# Goal of the exercise
Two lines in the data below mark the range: the one with "Striking contrasts. An" and the one with "Наиболее наглядно новые". Return both, along with every line between them, exactly.

** Extracted material follows **

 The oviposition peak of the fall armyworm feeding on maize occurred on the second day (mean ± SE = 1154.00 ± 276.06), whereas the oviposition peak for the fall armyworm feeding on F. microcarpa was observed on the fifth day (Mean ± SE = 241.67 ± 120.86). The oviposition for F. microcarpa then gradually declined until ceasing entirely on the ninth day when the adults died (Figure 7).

** End of Extracted material **
** Extracted material follows **

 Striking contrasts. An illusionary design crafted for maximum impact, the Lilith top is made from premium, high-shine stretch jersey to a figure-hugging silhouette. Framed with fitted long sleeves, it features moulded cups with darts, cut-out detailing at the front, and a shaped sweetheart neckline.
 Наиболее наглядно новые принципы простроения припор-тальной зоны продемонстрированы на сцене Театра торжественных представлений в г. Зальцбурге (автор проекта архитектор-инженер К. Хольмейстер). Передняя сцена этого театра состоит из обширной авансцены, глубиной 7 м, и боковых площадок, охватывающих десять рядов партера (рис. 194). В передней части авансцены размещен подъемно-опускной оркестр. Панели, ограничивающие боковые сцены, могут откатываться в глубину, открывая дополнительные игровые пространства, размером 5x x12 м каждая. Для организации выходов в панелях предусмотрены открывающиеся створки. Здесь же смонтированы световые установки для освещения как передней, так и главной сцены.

** End of Extracted material **
** Extracted material follows **

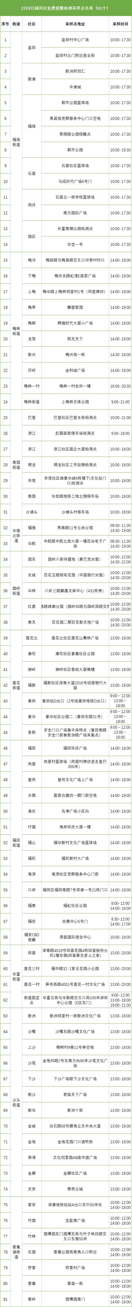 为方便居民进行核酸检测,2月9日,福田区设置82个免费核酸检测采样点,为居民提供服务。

** End of Extracted material **

# Output for this task
 Striking contrasts. An illusionary design crafted for maximum impact, the Lilith top is made from premium, high-shine stretch jersey to a figure-hugging silhouette. Framed with fitted long sleeves, it features moulded cups with darts, cut-out detailing at the front, and a shaped sweetheart neckline.
 Наиболее наглядно новые принципы простроения припор-тальной зоны продемонстрированы на сцене Театра торжественных представлений в г. Зальцбурге (автор проекта архитектор-инженер К. Хольмейстер). Передняя сцена этого театра состоит из обширной авансцены, глубиной 7 м, и боковых площадок, охватывающих десять рядов партера (рис. 194). В передней части авансцены размещен подъемно-опускной оркестр. Панели, ограничивающие боковые сцены, могут откатываться в глубину, открывая дополнительные игровые пространства, размером 5x x12 м каждая. Для организации выходов в панелях предусмотрены открывающиеся створки. Здесь же смонтированы световые установки для освещения как передней, так и главной сцены.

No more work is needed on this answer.